A map of the large day-night temperature gradient of a super-Earth exoplanet

Abstract: Over the past decade, observations of giant exoplanets (Jupiter-size) have provided key insights into their atmospheres, but the properties of lower-mass exoplanets (sub-Neptune) remain largely unconstrained because of the challenges of observing small planets. Numerous efforts to observe the spectra of super-Earths (exoplanets with masses of one to ten times that of Earth) have so far revealed only featureless spectra. Here we report a longitudinal thermal brightness map of the nearby transiting super-Earth 55 Cancri e revealing highly asymmetric dayside thermal emission and a strong day-night temperature contrast. Dedicated space-based monitoring of the planet in the infrared revealed a modulation of the thermal flux as 55 Cancri e revolves around its star in a tidally locked configuration. These observations reveal a hot spot that is located 41 +- 12 degrees east of the substellar point (the point at which incident light from the star is perpendicular to the surface of the planet). From the orbital phase curve, we also constrain the nightside brightness temperature of the planet to 1380 +- 400 kelvin and the temperature of the warmest hemisphere (centred on the hot spot) to be about 1300 kelvin hotter (2700 +- 270 kelvin) at a wavelength of 4.5 microns, which indicates inefficient heat redistribution from the dayside to the nightside. Our observations are consistent with either an optically thick atmosphere with heat recirculation confined to the planetary dayside, or a planet devoid of atmosphere with low-viscosity magma flows at the surface.

A Map of the Large Day-Night Temperature Gradient of a Super-Earth Exoplanet

The study presented investigates the thermal dynamics of the super-Earth exoplanet 55 Cancri e, providing significant insights into its atmospheric and surface properties. Utilizing data from the Spitzer Space Telescope's Infrared Array Camera, the researchers conducted a detailed analysis of the thermal phase curve of this exoplanet.

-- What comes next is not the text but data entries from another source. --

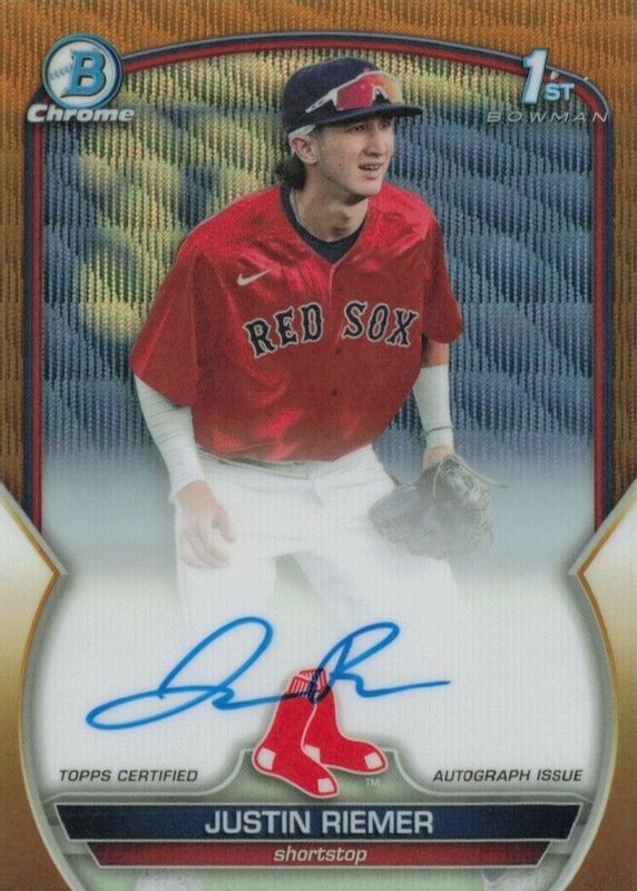 2023 Bowman Draft Chrome Justin Riemer #CDA-JRI Gold Wave Auto /50 Red Sox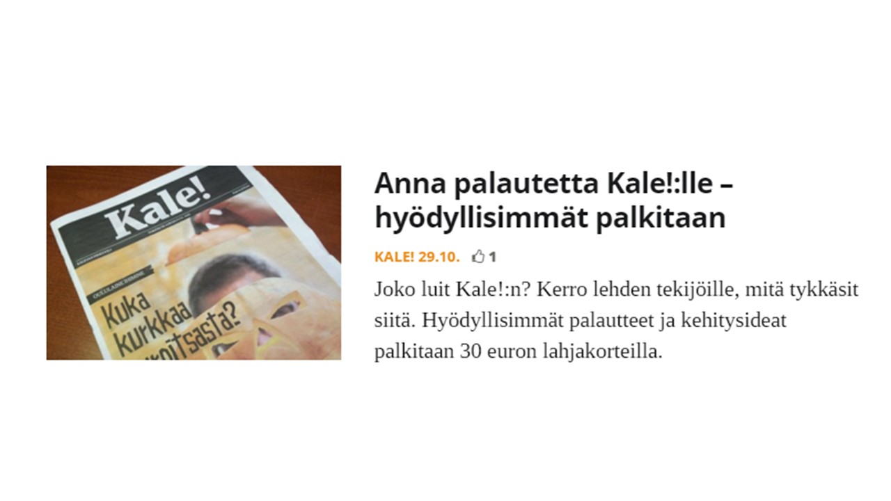 Kalevan kaupunkilehti pyytää palautetta. Täältä pesee: Jättäkää pois huutomerkki ja kaksoispiste Kalen taivutusmuodoista. "Heitä Kalea kielivinkillä" näyttää paremmalta kuin "Heitä Kale!:a juttuvinkillä". Hyvä esimerkki siitä, mihin pulmiin erikoismerkit nimissä johtavat.
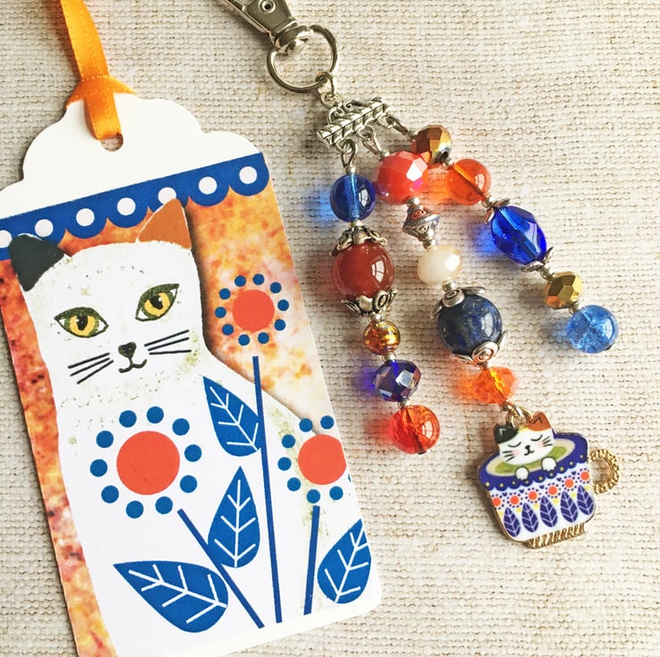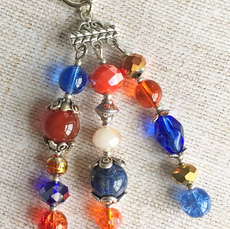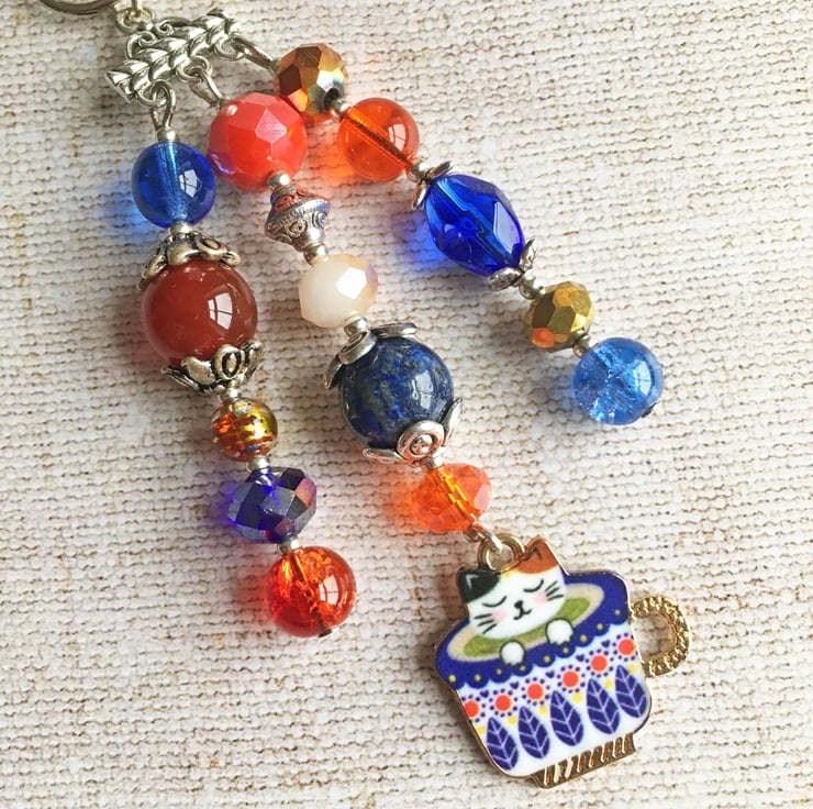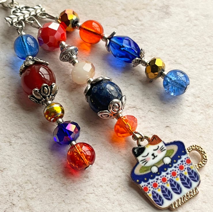 I've used a cute enamel charm and an assortment of glass and semi-precious beads including Lapis lazuli, Carnelian and crackle glass.

Observations reveal a notable asymmetry in the thermal emission between its day and night sides, indicative of a substantial temperature gradient.

Central to this research is the identification of a hot spot located 41 ± 12 degrees east of the substellar point. This spatial thermal asymmetry was discerned from continuous monitoring of the planet, which showed variations in thermal flux consistent with the planet’s tidally locked orbit around its host star. The day side of 55 Cancri e exhibits a hemispherically averaged temperature of 2697 K (+268, -275 K), while the night side maintains a much lower brightness temperature, estimated at 1376 K (+344, -451 K). This stark contrast suggests a deficiency in effective heat redistribution across the planet’s surface.

The implications of these findings are manifold, supporting two primary hypotheses regarding the nature of 55 Cancri e. Firstly, the possibility of an optically thick atmosphere with limited heat circulation localized to the day side is proposed. However, given the exoplanet’s high density and lack of hydrogen spectral lines, the presence of a significant gaseous atmosphere is deemed unlikely. The second hypothesis considers the absence of a substantial atmosphere, with the observed temperature gradient arising instead from low-viscosity magma flows on the surface, potentially contributing to the offset hot spot.

Additional analyses attempted to attribute the thermal phase variations to stellar or orbital mechanics, including ellipsoidal effects and magnetic interactions, but these were dismissed based on their periodicity and amplitude constraints. The research further postulates that atmospheric escape driven by stellar irradiation has likely stripped significant atmospheric components, constraining any potential atmospheric pressure to over 31 kbar to have survived over the stellar lifetime.

This study provides a framework for understanding energy redistribution on super-Earth exoplanets, offering tools and methodologies that can be applied to similar bodies. Future research into the material composition and surface dynamics of 55 Cancri e will benefit from these findings, potentially utilizing infrared spectroscopy in conjunction with these thermal dynamics to further decode the planet's atmospheric and geological properties. The methodology also sets a precedent for further exploration of similar exoplanets in tight orbits, which commonly experience extreme star-driven environments.